Americans will feel the impact when the Fed raises rates. Here’s what you need to know: NPR

The floor of the New York Stock Exchange this week, after the Federal Reserve announced a quarter-point hike in its key rate. The Fed is raising rates to curb inflation, but it will hit some Americans in their wallets.

Richard Drew/AP

hide caption

toggle caption

Richard Drew/AP

The floor of the New York Stock Exchange this week, after the Federal Reserve announced a quarter-point hike in its key rate. The Fed is raising rates to curb inflation, but it will hit some Americans in their wallets.

Richard Drew/AP

After years of very low interest rates, a change is coming. The Federal Reserve is raising rates. Borrowing will become more expensive for everything from mortgages to auto loans to credit cards. For many Americans, it will be a bitter pill. But there are some silver linings. Here’s what you can do in response.

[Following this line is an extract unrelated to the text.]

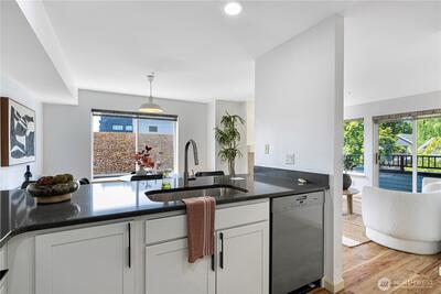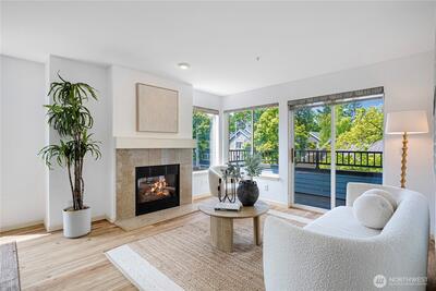 Light-filled corner condo in the vibrant Maple Leaf neighborhood! This 2-bedroom, 2-bath home offers a spacious open layout with generous natural light, a gas fireplace for cozy nights, and a large private deck ideal for relaxing or entertaining. The well-appointed kitchen, in-unit laundry, and ample storage add everyday convenience. Includes one secure garage parking space and elevator access. A safe sotrage unit on 4th floor. Enjoy a shared, fenced yard perfect for summer gatherings. Just a short walk to parks, cafes, shops, and great transit options including bus and light rail. Comfort and location in one!
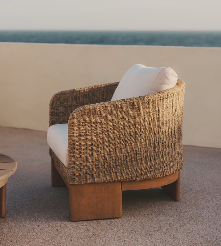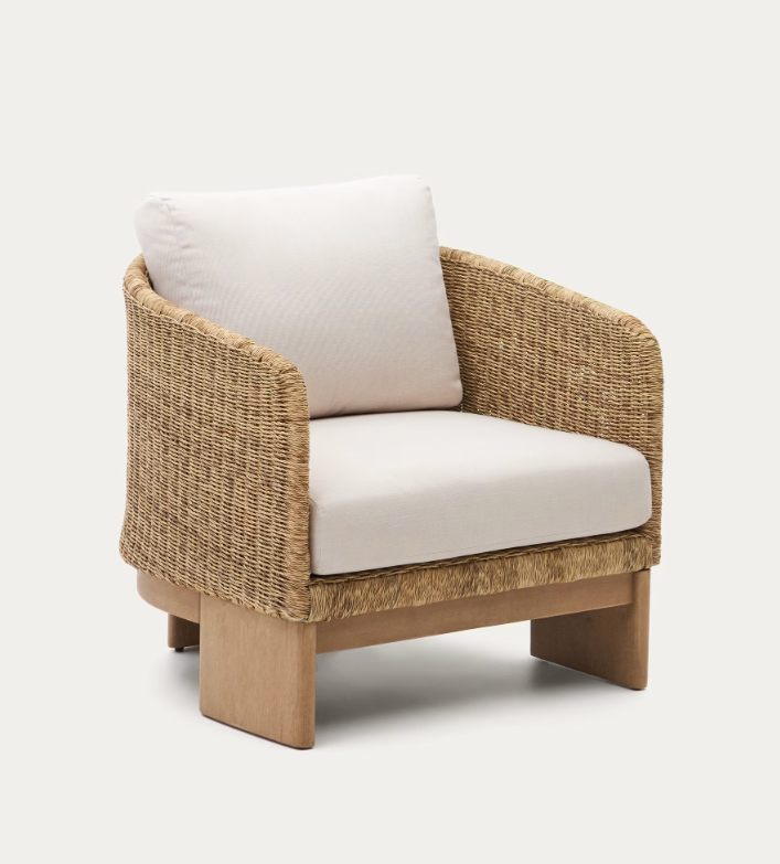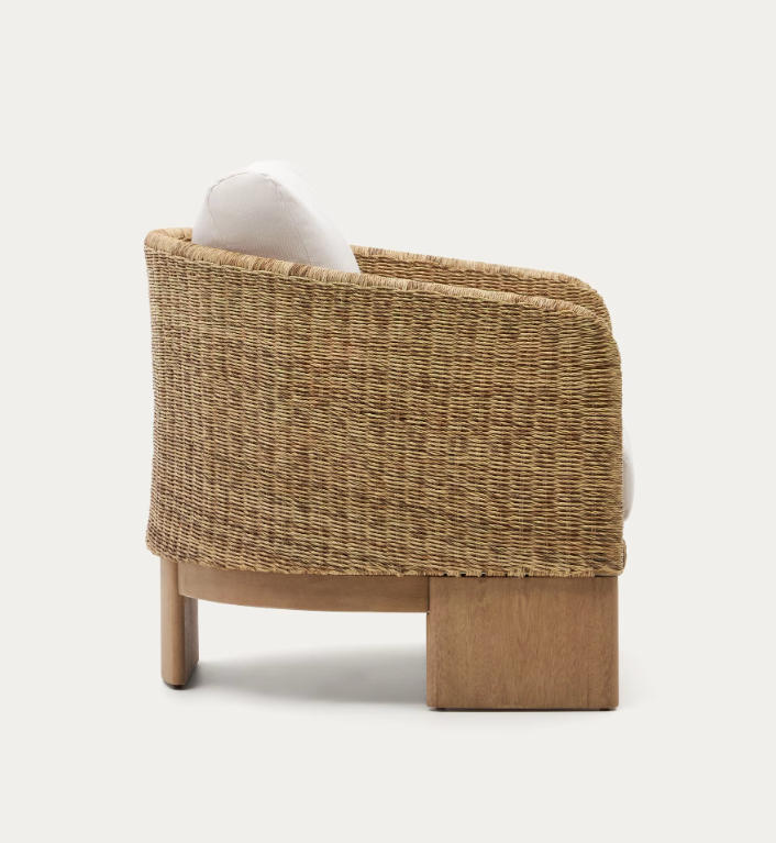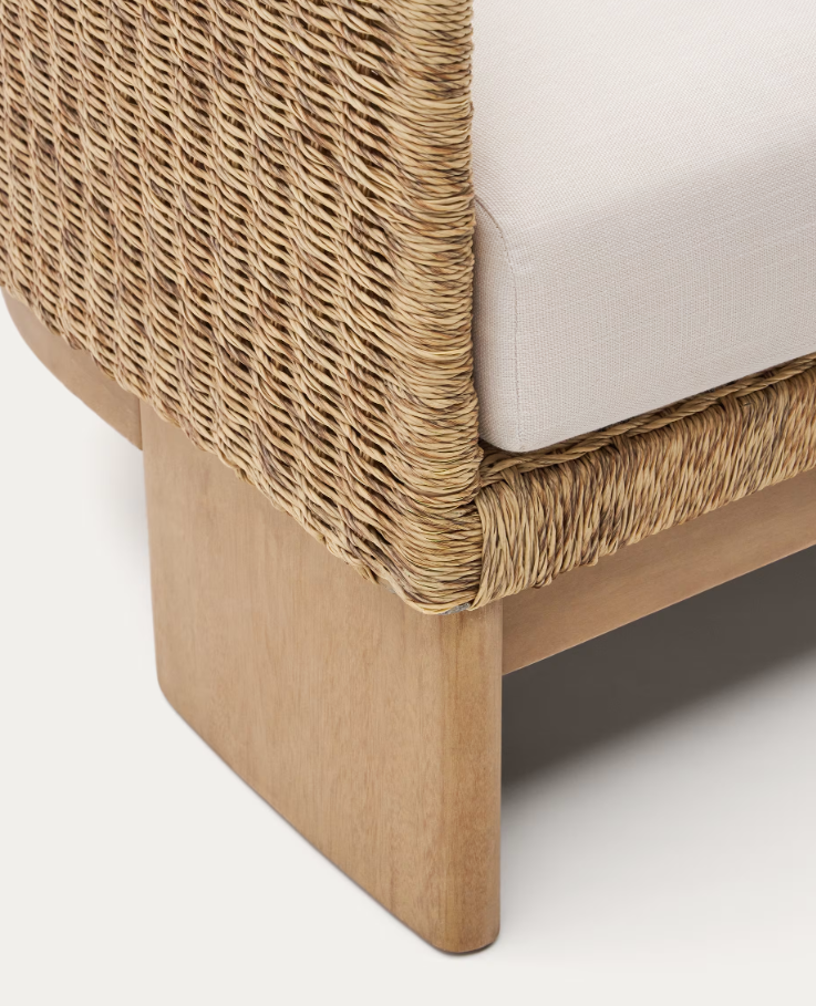 | Materialien | 45 % Eukalyptusholz (Eucalyptus grandis), 30 % Aluminium, 15 % synthetisches Korbgeflecht, 8 % Schaumstoff (Polyurethan), 2 % Stoff |

It’s going to get even harder to buy your first home…for now.

When you’re buying something as expensive as a house, interest rates really matter. They have already jumped sharply in anticipation of the Fed’s much-heralded plan to raise rates throughout the year. Since last summer, mortgage rates have risen more than one percentage point to more than 4% on a 30-year fixed rate loan.

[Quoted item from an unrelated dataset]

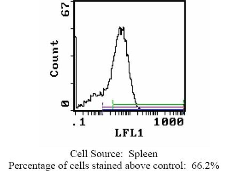 - FLOW CYTOMETRY ANALYSIS: Method: 1. Prepare a cell suspension in media A. For cell preparations, deplete the red blood cellpopulation with Lympholyte®-Rat cell separation medium. 2. Wash 2 times. 3. Resuspend the cells to a concentration of 2x10e7 cells/ml in media A. Add 50 µl of thissuspension to each tube (each tube will then contain 1x10e6 cells, representing 1 test). 4. To each tube, add 1. 0-0. 5 µg* of this Ab. 5. Vortex the tubes to ensure thorough mixing of antibody and cells. 6. Incubate the tubes for 30 minutes at 4°C. 7. Wash 2 times at 4°C. 8. Add 100 µl of secondary antibody (Streptavidin-FITC) at 1: 500 dilution. 9. Incubate the tubes at 4°C for 30-60 minutes. (It is recommended that the tubes areprotected from light since most fluorochromes are light sensitive). 10. Wash 2 times at 4°C in media B. 11. Resuspend the cell pellet in 50 µl ice cold media B. 12. Transfer to suitable tubes for flow cytometric analysis containing 15 µl of propidiumiodide at 0. 5 mg/ml in PBS. This stains dead cells by intercalating in DNA. Media: A. Phosphate buffered saline (pH 7. 2) + 5% normal serum of host species + sodium azide(100 µl of 2M sodium azide in 100 mls). B. Phosphate buffered saline (pH 7. 2) + 0. 5% Bovine serum albumin + sodium azide (100µl of 2M sodium azide in 100 mls). Results - Tissue Distribution: Rat Strain: WistarCell Concentration: 1 x 10e6 cells per testAntibody Concentration Used: 0. 5 µg/10e6 cellsIsotypic Control: Biotin Mouse IgG2aCell Source Percentage of cells stained above control:

“It starts to push from like ‘maybe we could make it work’ to the point where you’re just like ‘it’s not worth it,'” says Zach Gubran of Fort Collins, Colorado.

Gubran, 33, and his partner would like to settle down and buy their own home. But he says that in this frenetic real estate market, it was already difficult.

And now, on a $450,000 loan, the jump in rates over 4% drives up the monthly payment by $325.

“It’s like this ridiculous situation,” says Gubran, who works as a contractor for a software company. “I have tens of thousands of dollars in savings, and I feel like it’s nothing, it doesn’t matter.”

But all is not hopeless. Rising rates could stop the runaway train of rising house prices

US home prices rose last year almost 20%. That’s a staggering one-year gain. With a historic shortage of homes for sale and rock-bottom interest rates, bidding wars have regularly erupted and driven prices up.

In recent years, big price gains like this have attracted more buyers who didn’t want to miss out, further boosting demand in the overheated market.

“Higher mortgage rates can be helpful in cooling the housing market,” says Selma Hepp, economist at CoreLogic. “It may help us get back to some level of normalcy, and in that case we won’t see as much bidding over the asking price.”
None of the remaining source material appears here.